In the entries below, find the line with "意味不明あだ名 | 『永久保存みずのやけいいちろう』 |" and the line with "On the Rocks"; reproduce those two lines and all lines between them exactly, without pictures.

──────── Listed entries ────────

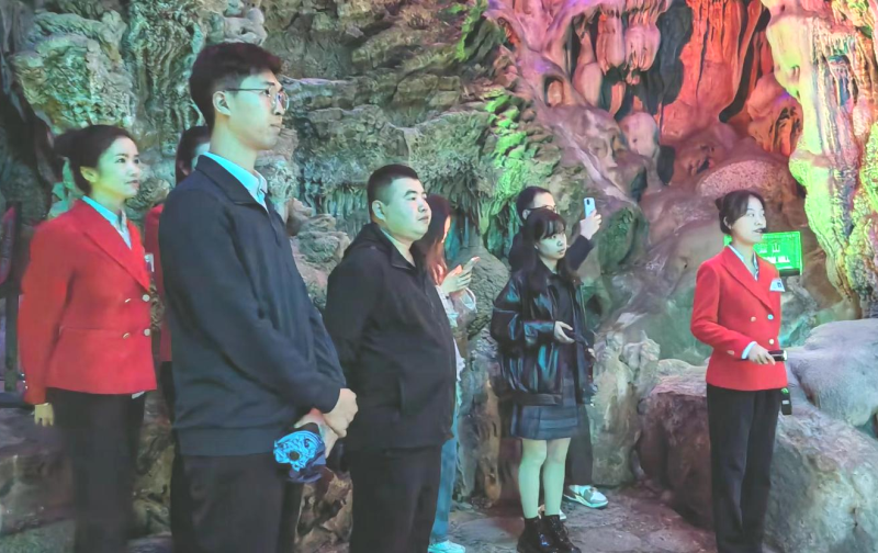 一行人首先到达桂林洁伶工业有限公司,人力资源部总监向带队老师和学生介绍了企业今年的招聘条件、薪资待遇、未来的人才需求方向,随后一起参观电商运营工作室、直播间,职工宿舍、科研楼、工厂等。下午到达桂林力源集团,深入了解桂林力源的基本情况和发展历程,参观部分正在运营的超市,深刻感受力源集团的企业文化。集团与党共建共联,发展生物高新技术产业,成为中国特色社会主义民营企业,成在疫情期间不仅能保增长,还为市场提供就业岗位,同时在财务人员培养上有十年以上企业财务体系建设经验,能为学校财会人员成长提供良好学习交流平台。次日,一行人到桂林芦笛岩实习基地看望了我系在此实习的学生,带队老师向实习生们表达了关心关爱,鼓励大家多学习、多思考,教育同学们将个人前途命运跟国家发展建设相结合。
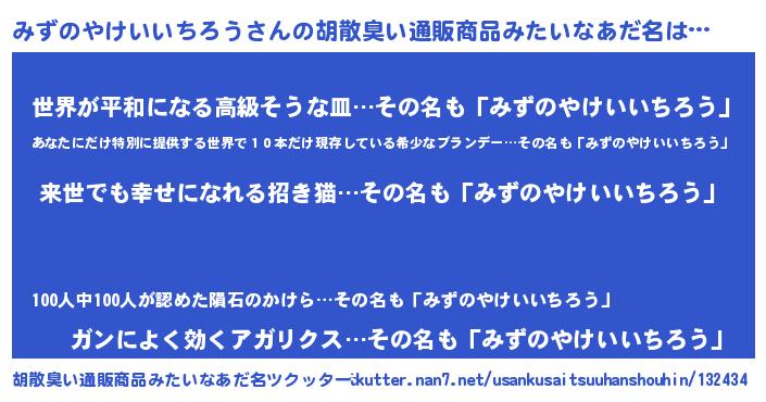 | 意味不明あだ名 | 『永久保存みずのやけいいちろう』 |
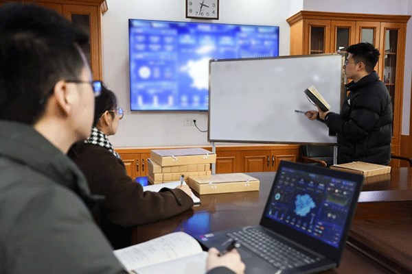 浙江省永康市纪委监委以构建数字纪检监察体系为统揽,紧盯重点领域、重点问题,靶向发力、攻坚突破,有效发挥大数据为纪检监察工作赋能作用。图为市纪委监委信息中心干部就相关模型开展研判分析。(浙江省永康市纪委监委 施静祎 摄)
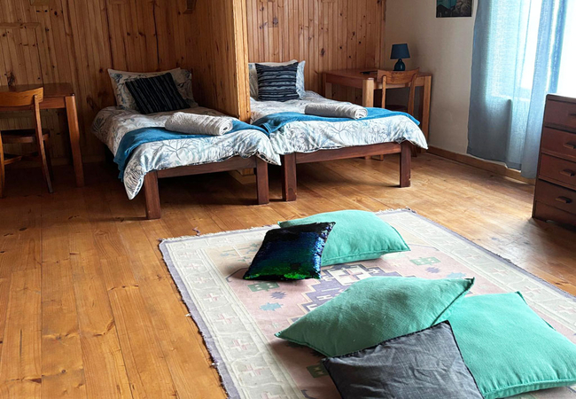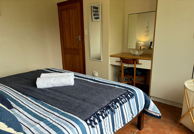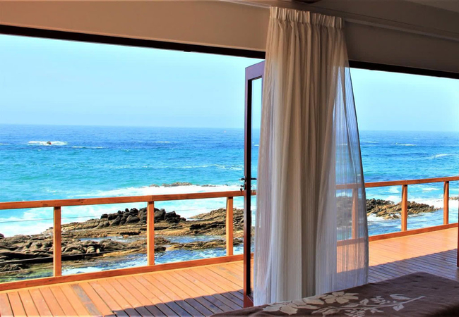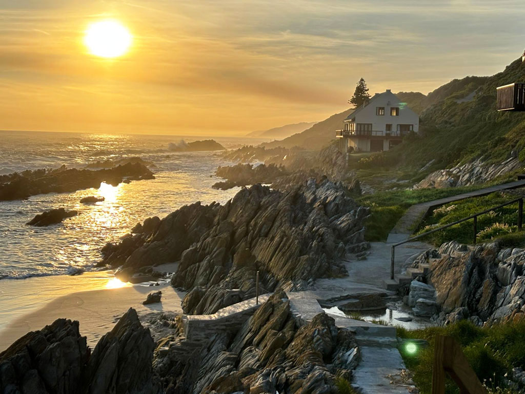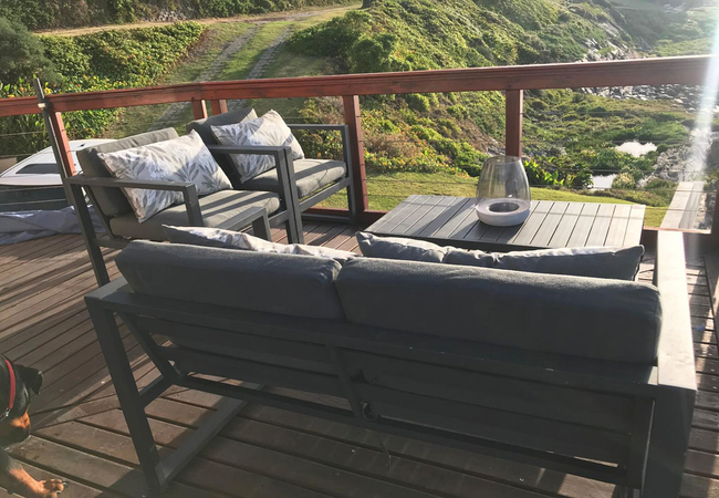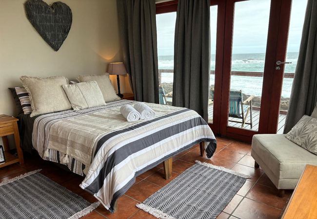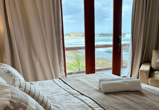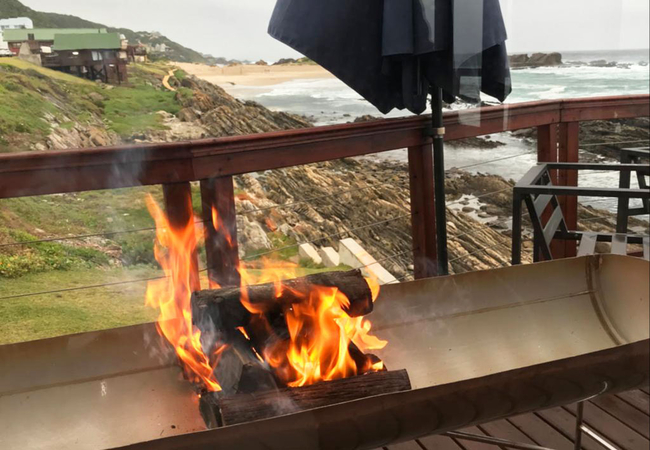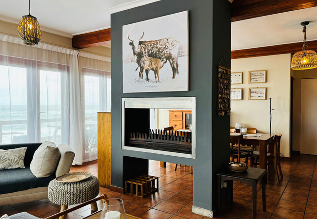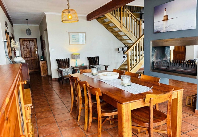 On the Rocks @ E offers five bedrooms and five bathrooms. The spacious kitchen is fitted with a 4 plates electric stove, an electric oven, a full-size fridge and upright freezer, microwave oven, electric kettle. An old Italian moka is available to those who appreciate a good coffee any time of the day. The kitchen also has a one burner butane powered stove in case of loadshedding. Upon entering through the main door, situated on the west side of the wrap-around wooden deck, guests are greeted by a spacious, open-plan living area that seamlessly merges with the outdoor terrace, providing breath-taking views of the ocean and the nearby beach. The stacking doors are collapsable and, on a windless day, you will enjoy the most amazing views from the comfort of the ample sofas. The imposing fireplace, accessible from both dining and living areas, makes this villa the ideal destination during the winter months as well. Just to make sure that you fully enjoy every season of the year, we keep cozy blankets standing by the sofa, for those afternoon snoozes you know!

────────
──────── Listed entries ────────

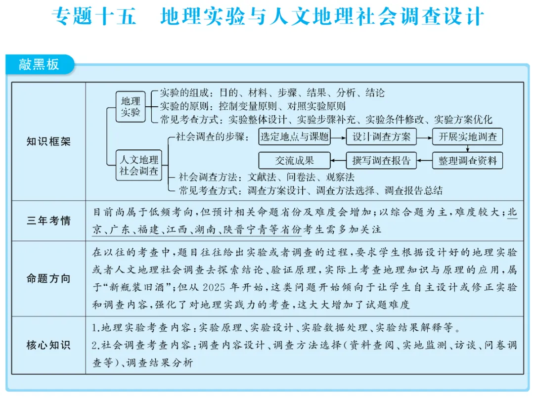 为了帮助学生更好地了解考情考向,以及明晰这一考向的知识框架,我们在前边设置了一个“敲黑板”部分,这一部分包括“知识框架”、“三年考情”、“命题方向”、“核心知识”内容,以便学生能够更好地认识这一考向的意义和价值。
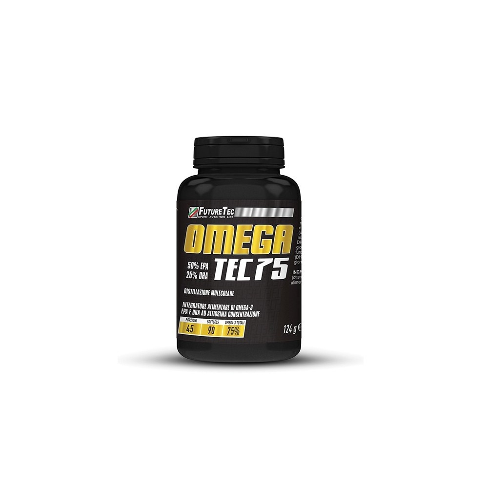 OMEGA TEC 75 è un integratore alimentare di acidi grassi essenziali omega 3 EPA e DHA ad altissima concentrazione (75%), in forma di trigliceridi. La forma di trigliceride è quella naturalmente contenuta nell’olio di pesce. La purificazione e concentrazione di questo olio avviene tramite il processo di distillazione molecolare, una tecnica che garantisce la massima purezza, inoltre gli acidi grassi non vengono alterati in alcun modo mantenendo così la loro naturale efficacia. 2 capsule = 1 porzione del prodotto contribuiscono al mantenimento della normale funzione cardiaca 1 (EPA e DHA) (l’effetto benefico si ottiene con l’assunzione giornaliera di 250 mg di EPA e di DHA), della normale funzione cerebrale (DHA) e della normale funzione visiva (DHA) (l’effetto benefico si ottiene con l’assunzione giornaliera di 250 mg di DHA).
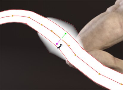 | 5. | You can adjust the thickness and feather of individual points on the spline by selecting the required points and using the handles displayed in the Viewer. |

────────

* **Output of the exercise**
 | 意味不明あだ名 | 『永久保存みずのやけいいちろう』 |
 浙江省永康市纪委监委以构建数字纪检监察体系为统揽,紧盯重点领域、重点问题,靶向发力、攻坚突破,有效发挥大数据为纪检监察工作赋能作用。图为市纪委监委信息中心干部就相关模型开展研判分析。(浙江省永康市纪委监委 施静祎 摄)
 On the Rocks @ E offers five bedrooms and five bathrooms. The spacious kitchen is fitted with a 4 plates electric stove, an electric oven, a full-size fridge and upright freezer, microwave oven, electric kettle. An old Italian moka is available to those who appreciate a good coffee any time of the day. The kitchen also has a one burner butane powered stove in case of loadshedding. Upon entering through the main door, situated on the west side of the wrap-around wooden deck, guests are greeted by a spacious, open-plan living area that seamlessly merges with the outdoor terrace, providing breath-taking views of the ocean and the nearby beach. The stacking doors are collapsable and, on a windless day, you will enjoy the most amazing views from the comfort of the ample sofas. The imposing fireplace, accessible from both dining and living areas, makes this villa the ideal destination during the winter months as well. Just to make sure that you fully enjoy every season of the year, we keep cozy blankets standing by the sofa, for those afternoon snoozes you know!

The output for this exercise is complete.